What this task involves: Since the records include pictures, leave those out while you reproduce exactly and only the lines from the one containing "Bimini, Bow thruster, Cockpit" through the one containing "W niedzielę 23", inclusive.

----- Data for analysis

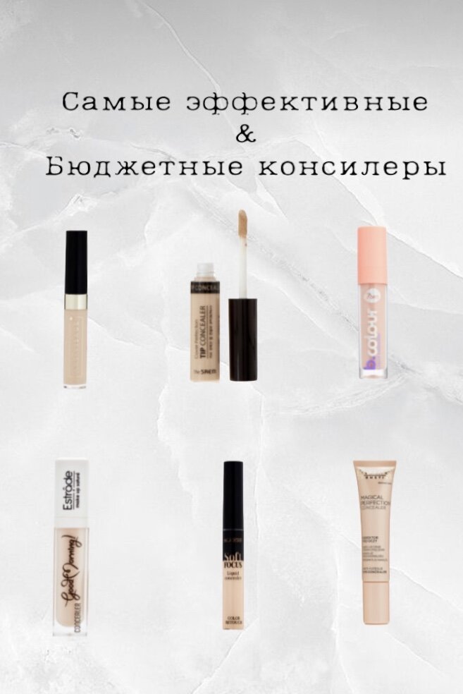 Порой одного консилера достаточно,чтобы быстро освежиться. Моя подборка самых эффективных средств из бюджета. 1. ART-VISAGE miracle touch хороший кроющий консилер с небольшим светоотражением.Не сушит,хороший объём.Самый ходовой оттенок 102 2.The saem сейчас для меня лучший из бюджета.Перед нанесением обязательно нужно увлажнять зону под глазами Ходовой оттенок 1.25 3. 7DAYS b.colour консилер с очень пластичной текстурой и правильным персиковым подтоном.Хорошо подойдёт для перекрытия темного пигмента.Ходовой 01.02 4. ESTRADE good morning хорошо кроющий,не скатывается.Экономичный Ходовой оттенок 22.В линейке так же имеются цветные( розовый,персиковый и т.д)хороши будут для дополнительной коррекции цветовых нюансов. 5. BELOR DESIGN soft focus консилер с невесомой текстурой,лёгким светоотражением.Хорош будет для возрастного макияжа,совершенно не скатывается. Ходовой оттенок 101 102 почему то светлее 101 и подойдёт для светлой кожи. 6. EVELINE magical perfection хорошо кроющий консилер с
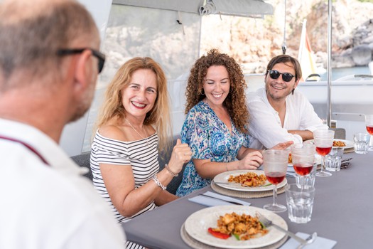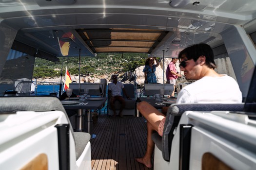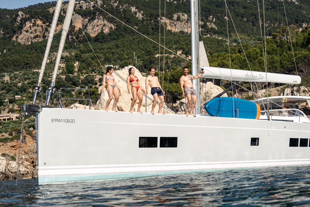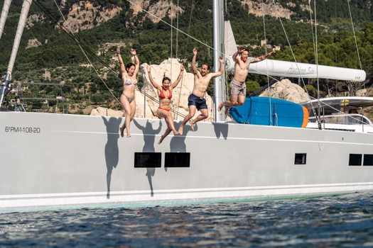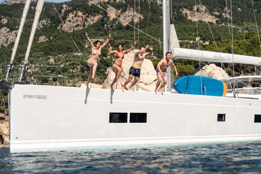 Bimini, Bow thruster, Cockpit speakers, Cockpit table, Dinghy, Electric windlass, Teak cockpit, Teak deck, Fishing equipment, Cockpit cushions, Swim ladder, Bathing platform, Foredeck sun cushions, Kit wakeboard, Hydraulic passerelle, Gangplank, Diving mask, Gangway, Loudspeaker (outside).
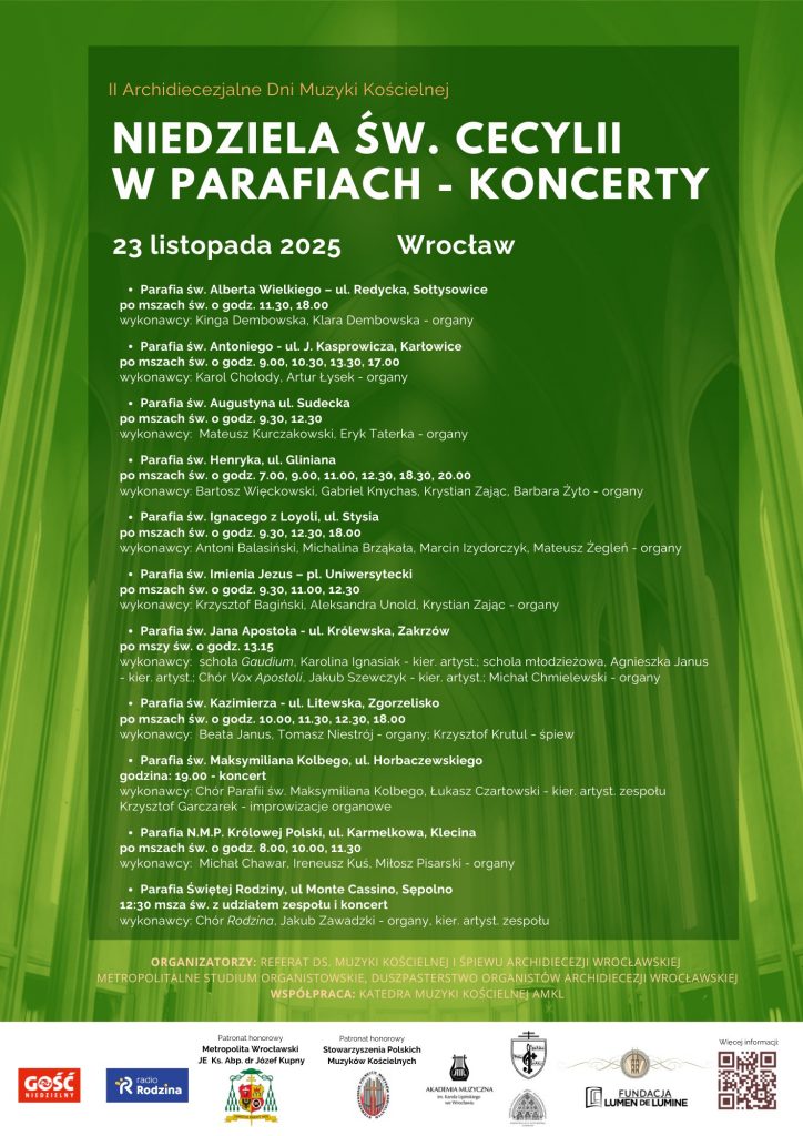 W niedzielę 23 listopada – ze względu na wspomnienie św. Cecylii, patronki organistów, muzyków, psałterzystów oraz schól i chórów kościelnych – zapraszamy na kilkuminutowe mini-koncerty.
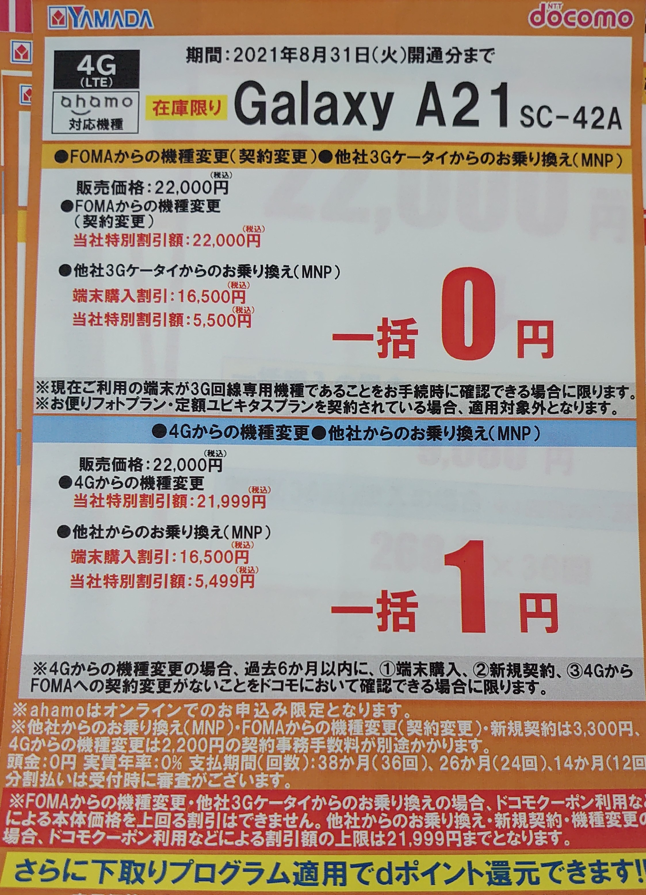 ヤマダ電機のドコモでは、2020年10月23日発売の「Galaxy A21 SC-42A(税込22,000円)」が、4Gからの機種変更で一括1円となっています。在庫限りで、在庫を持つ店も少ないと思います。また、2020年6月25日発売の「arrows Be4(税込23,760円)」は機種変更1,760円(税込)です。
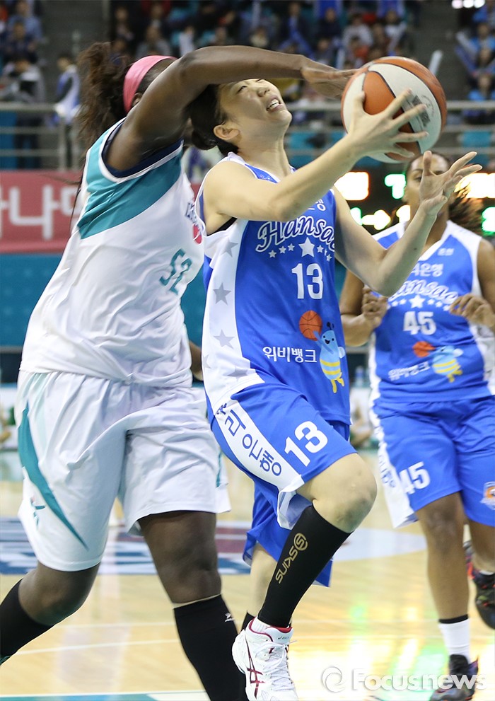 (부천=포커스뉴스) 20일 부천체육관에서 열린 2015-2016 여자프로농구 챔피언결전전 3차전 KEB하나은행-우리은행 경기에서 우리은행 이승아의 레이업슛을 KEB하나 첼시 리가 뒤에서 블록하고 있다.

----------

Result:
 Bimini, Bow thruster, Cockpit speakers, Cockpit table, Dinghy, Electric windlass, Teak cockpit, Teak deck, Fishing equipment, Cockpit cushions, Swim ladder, Bathing platform, Foredeck sun cushions, Kit wakeboard, Hydraulic passerelle, Gangplank, Diving mask, Gangway, Loudspeaker (outside).
 W niedzielę 23 listopada – ze względu na wspomnienie św. Cecylii, patronki organistów, muzyków, psałterzystów oraz schól i chórów kościelnych – zapraszamy na kilkuminutowe mini-koncerty.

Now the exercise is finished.